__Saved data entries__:

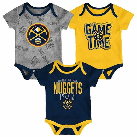 Get your little one started on the path to lifelong Denver Nuggets fandom with this Game Time three-piece set. These adorable bodysuits feature three snaps at the bottom and a lap shoulder neckline to make dressing as convenient as possible. It’s always game time when your little Denver Nuggets fan is ready to go in one of these spirited bodysuits.
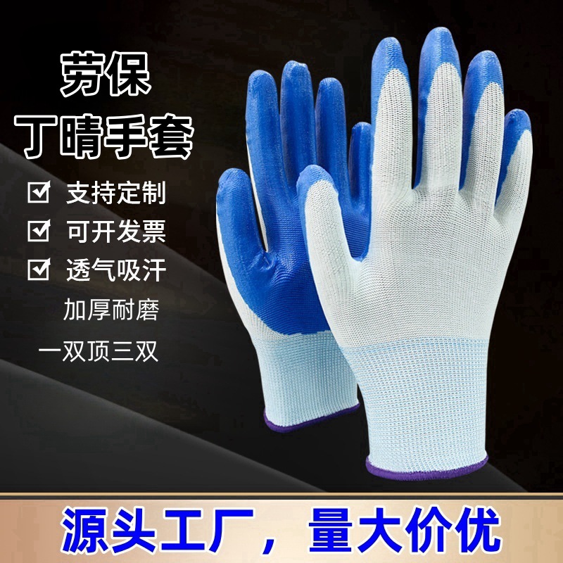 공장 직접 보호 니트릴 장갑 담근 정원 내마모성 고무 흰색 라인 블루 니트릴 매달려 고무 작업 장갑스토어 가기
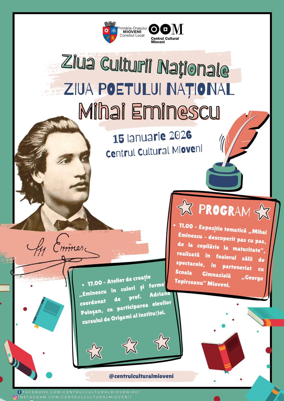 Centrul Cultural și Primăria Orașului MIOVENI vă invită joi, 15 ianuarie 2026, să celebrăm împreună cultura română și personalitatea marcantă a poetului național Mihai Eminescu, printr-o serie de activități dedicate publicului de toate vârstele.
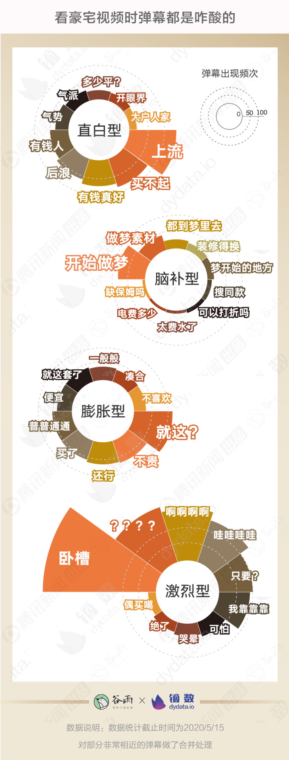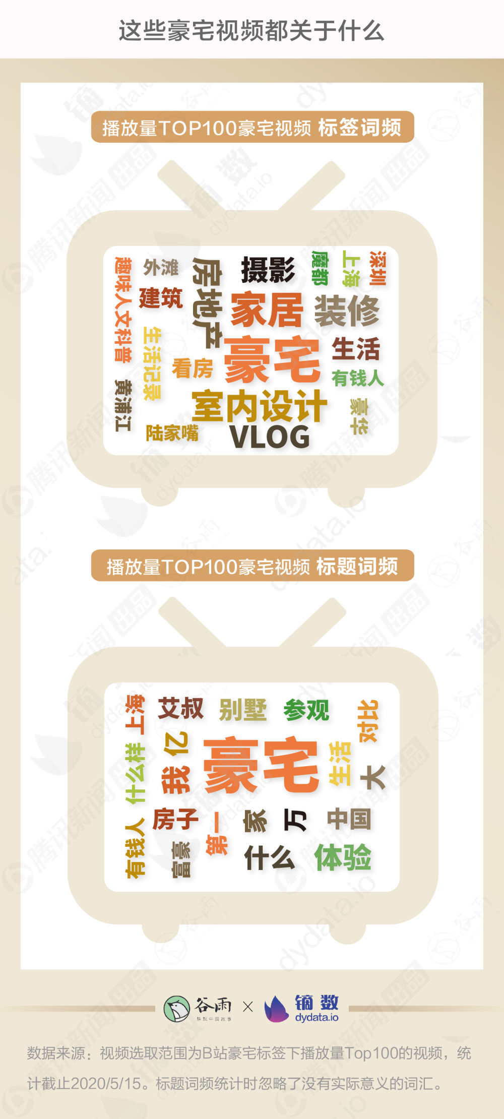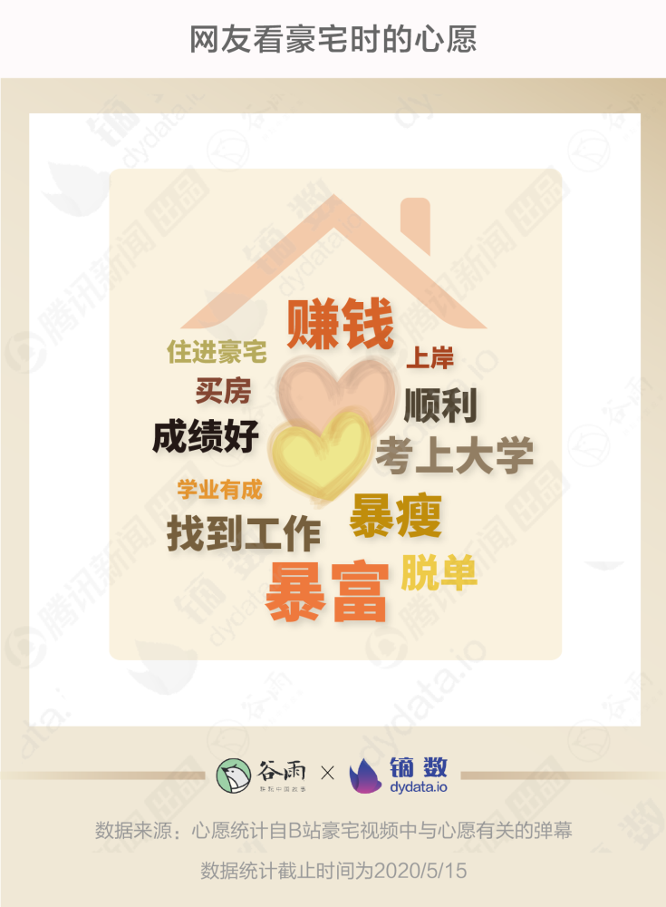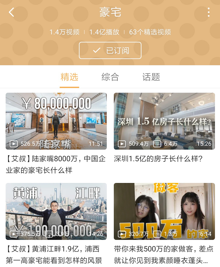 出品丨腾讯新闻谷雨工作室 “30岁在外滩拥有一套5000万豪宅是怎样的体验?” “95后女生独居!带你参观上海汤臣一品1.2亿豪宅” 在B站,有一个“豪宅”频道,汇聚了1.4万多条带有“豪宅”标签的视频,截至目前已累计1.4亿次播放。其中近30天投稿的就有5个超过了百万播放,个个都能轻松跻身每日热门视频榜。 推开豪宅频道的大门,满眼都是不可自拔的年轻人。在看遍火爆的豪宅视频后,谷雨数据试图打探这些把“在线看豪宅”当作睡前必修课的年轻人心里是怎么想的。 豪宅频道都有啥 在采集了B站播放量最高的100个豪宅视频之后,能看出这些视频有一些共同特点。 首先,标题中房价的“天文数字”是必备。一个在普通人眼里近乎遥不可及的价格可以最直接地体现“豪”。 其次,夸张的设计才能在众多的豪宅中脱颖而出。比如,一个可以晨跑的阳台,或者一个层高超7米的大客厅,极富视觉冲击力的画面震呆一众网友。
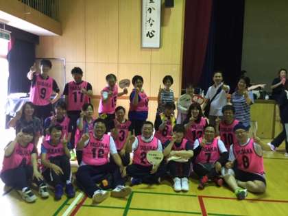 6月23日(日)、鷺州小学校の体育館で、「6校園PTAスポーツ大会」がおこなわれました。八阪中、鷺州小、海老江東小、海老江西小、貫江田幼、海老江西幼の6校園のPTAチームがソフトバレーボールで親睦を深めます。おそらく100名ほどの大人たちが笑顔と歓声で盛り上がる時間は、とても平和で温かい時間です。
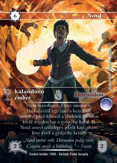 Kiadás: Árnyékhold, Védnök 2023, Túlélők Földje Gyakoriság: ritka Lapszín (isten): Dornodon Típus: kalandozó Altípus: ember Szöveg: Semmilyen módon nem másolható. Tűzre immúnis. Amikor egy zant kijátszol a kezedből, Nordon kívül minden lap és jelző a gyűjtőbe kerül, és Nord annyi szintlépés jelzőt kap, ahány lény ettől a gyűjtőbe került. Szinesítő szöveg: "Nord ember volt, Dornodon pedig isten. Csupán ennyi a különbség." - Treem Illusztráció: Gőgös Károly
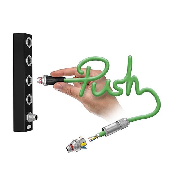 Auch bei beengten Platzverhältnissen und hoher Verkabelungsdichte ermöglicht Push-Pull ein sicheres, werkzeugloses Stecken. Das spart bis zu 80 % Installationszeit im Vergleich zur Schraubverbindung. Individuelle Leitungslängen werden mit konfektionierbaren M12-Steckverbindern realisiert. Und auch hier wird auf das Schrauben verzichtet, denn durch die Push-Lock-Technologie erfolgt der Leiteranschluss bequem und einfach. Starre und vorbehandelte Leiter können direkt in die Klemmkammer gesteckt werden. Zum Anschließen feindrähtiger Litzen oder Leiter mit größerem Querschnitt sowie zum Lösen bereits angeschlossener Leiter, wird die Klemmstelle mit dem Hebel geöffnet. Der Kontakthalter ist farblich und numerisch gekennzeichnet. Dies vereinfacht die Zuordnung von Leitern und vermeidet Anschlussfehler. Die feste und sichere Verbindung wird durch eine langzeitstabile und definierte Kontaktkraft sichergestellt.
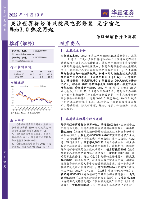【华鑫证券】【20221113】传媒新消费行业周报:关注世界杯经济及院线电影修复 元宇宙之Web30热度再起-20页
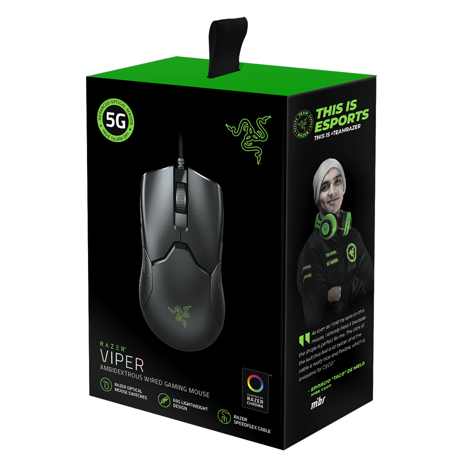 موس ریزر وایپر RAZER VIPER با بکار گیری سنسور 5G تا DPI 16000 را ساپورت میکند و با دقت وضوح 99.4% سرعت بسیار بالا در تصحیح اشتباهات و دقتی مرگبار باعث قهرمانی شما در گیم میشود.
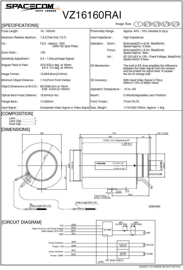 [SPACECOM]Motorized Zoom Lens VZ16160RAI 10¹èÁÜ (16-160mm) 1ÀÎÄ¡ Video IRIS(°ßÀû¿äû)
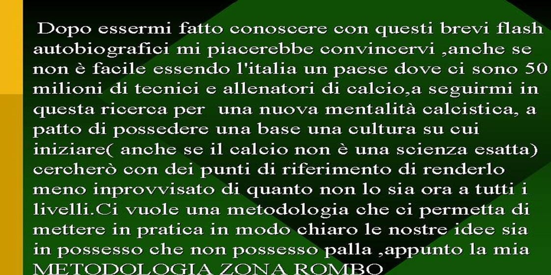 Spero di suscitare interesse non solo nei lettori, ma soprattutto negli allenatori. Mi definisco "Personal Training (leader di se stesso e dei suoi giocatori)". Voglio ridare spettacolo proponendo un calcio offensivo con schemi che si basano sulla realizzazione di rombi senza palla in passaggi finalizzanti ai giocatori con più talento. Basta con il possesso palla sterile! dove il portiere tocca più palloni in assoluto , ai miei tempi il pallone veniva trasmesso prima possibile ai giocatori con maggiore talento offensivo e doti tecniche sopraffine di velocità e che sapevano tirare in porta.
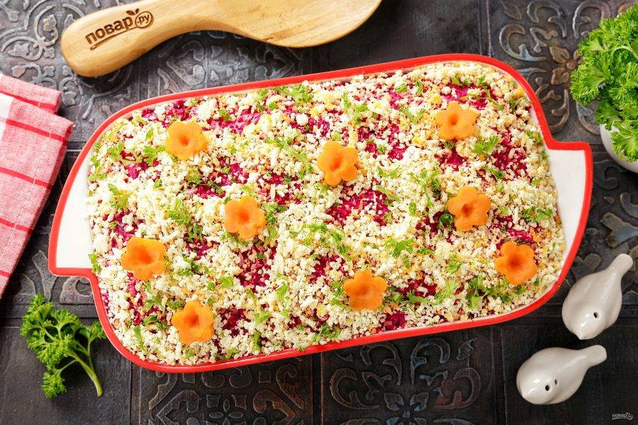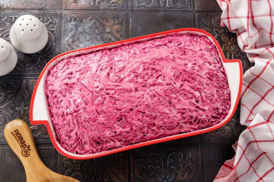 Последним слоем идёт свекла. Посолите и смажьте свеклу майонезом.
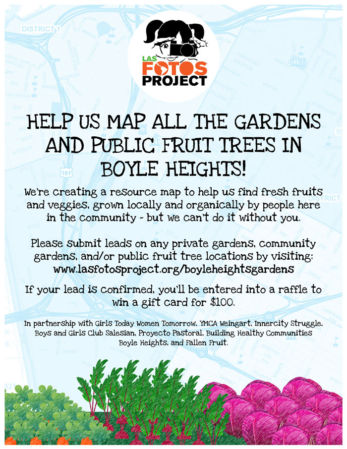 “Las Fotos Project’s student photographers are creating a resource map with all the gardens and public fruit trees for the community of Boyle Heights,” writes Natalie Franco, a professional advisor and advisor for this project. “We need your help! Please submit your leads to any gardens or public fruit trees here: www.lasfotosproject.org/boyleh
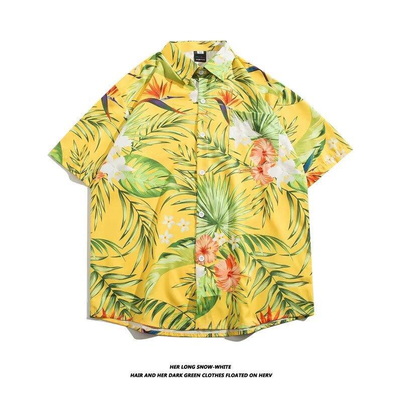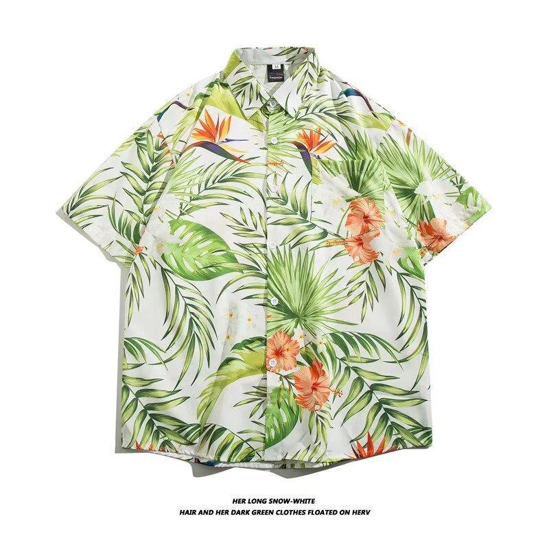 夏威夷沙滩短袖衬衫男夏季新款三亚海边度假风复古港风小众花衬衣
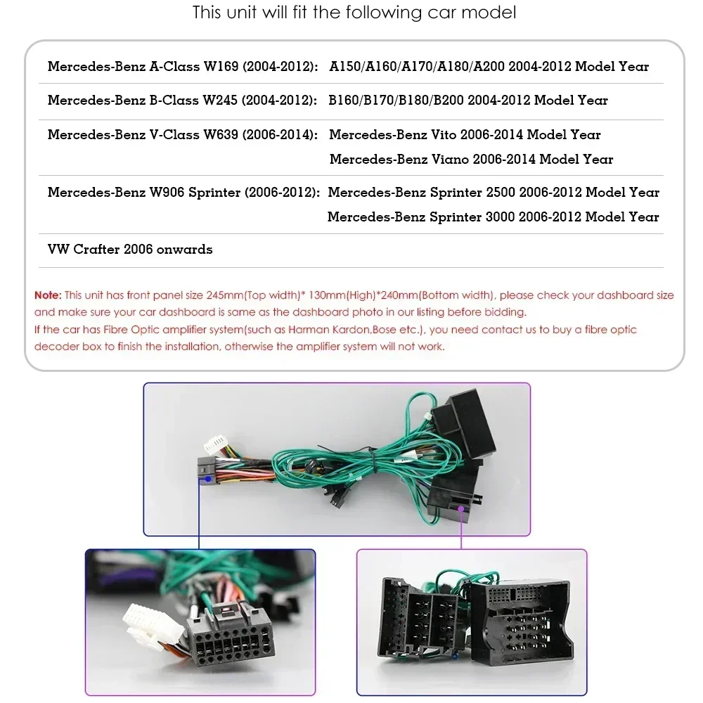 NOTE: Model and year just for your reference, please confirm the shape & size of center console before bidding.If your car has Fiber Optic ampliflier or other external amplifier system(such as Harman Kardon,Bose,JBL etc.),it is not compatible. But you can bypass these amplifier with extra extension cable(Please contact US to buyit together if needed).
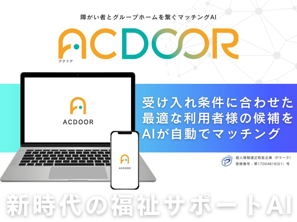 「ACDOOR」は、先進のAI技術と信頼性の高い支援ネットワークを融合することで、障がい者とそのご家族、一人ひとりが安心して自立し社会参加を果たせる未来の実現を目指しています。
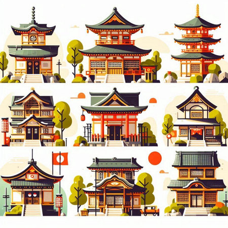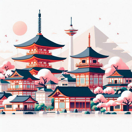 Landscape of traditional japanese buildings. Vector illustration in flat style.
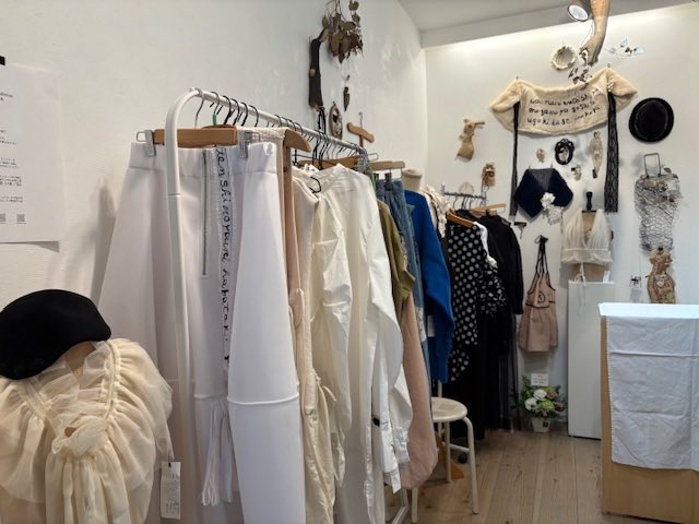 コラージュリメイク服と水晶やアンティークパーツを使ったアクセサリーの展示販売です。
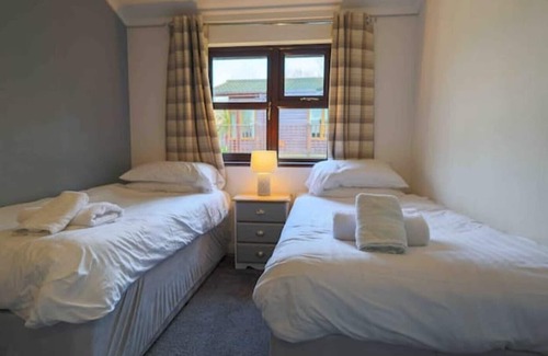 Escape to the modern comforts of our three-bedroom cabin, offering a spacious living area, a private outdoor hot tub, and a large, fully enclosed patio with garden furniture. Situated just a short walk away from the enchanting woodland trails, outdoor activity area, and fishing lakes, this cabin provides a tranquil retreat. With sleeping arrangements for up to six guests across three comfortable bedrooms (one double and two twins), it's the perfect getaway for families or friends. The lounge is a haven of relaxation, featuring ample seating, a stylish electric fireplace, a 50" Smart TV with Netflix, and even a Play Station for entertainment.

__YOUR INSTRUCTIONS__: The range runs from the line containing "Landscape of traditional" through the end of the entries; print those lines exactly and leave the pictures out.

__RESPONSE AREA__:
 Landscape of traditional japanese buildings. Vector illustration in flat style.
 コラージュリメイク服と水晶やアンティークパーツを使ったアクセサリーの展示販売です。
 Escape to the modern comforts of our three-bedroom cabin, offering a spacious living area, a private outdoor hot tub, and a large, fully enclosed patio with garden furniture. Situated just a short walk away from the enchanting woodland trails, outdoor activity area, and fishing lakes, this cabin provides a tranquil retreat. With sleeping arrangements for up to six guests across three comfortable bedrooms (one double and two twins), it's the perfect getaway for families or friends. The lounge is a haven of relaxation, featuring ample seating, a stylish electric fireplace, a 50" Smart TV with Netflix, and even a Play Station for entertainment.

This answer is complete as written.